A Differentiable Recurrent Surface for Asynchronous Event-Based Data
This addresses the challenge of processing sparse event-based vision data for computer vision tasks, offering a novel method that outperforms hand-crafted approaches.
The paper tackles the problem of integrating asynchronous event data from Dynamic Vision Sensors into usable frames by proposing Matrix-LSTM, a grid of LSTM cells that learns task-dependent event-surfaces end-to-end. It improves state-of-the-art in event-based object classification on the N-Cars dataset and shows good flexibility in optical flow estimation on the MVSEC benchmark.

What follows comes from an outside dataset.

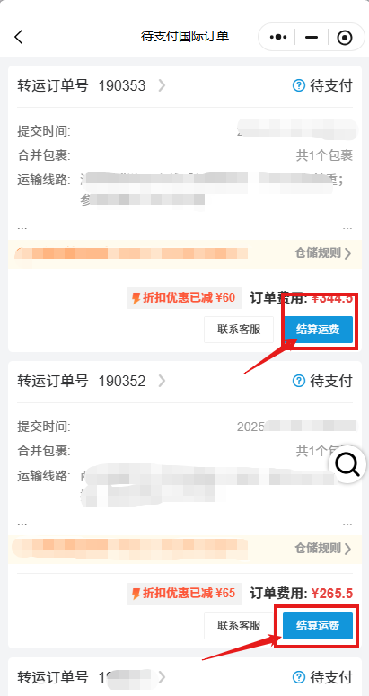 6、确认包裹转运信息,支付转运费用后,随即发货;

Dynamic Vision Sensors (DVSs) asynchronously stream events in correspondence of pixels subject to brightness changes. Differently from classic vision devices, they produce a sparse representation of the scene. Therefore, to apply standard computer vision algorithms, events need to be integrated into a frame or event-surface. This is usually attained through hand-crafted grids that reconstruct the frame using ad-hoc heuristics. In this paper, we propose Matrix-LSTM, a grid of Long Short-Term Memory (LSTM) cells that efficiently process events and learn end-to-end task-dependent event-surfaces. Compared to existing reconstruction approaches, our learned event-surface shows good flexibility and expressiveness on optical flow estimation on the MVSEC benchmark and it improves the state-of-the-art of event-based object classification on the N-Cars dataset.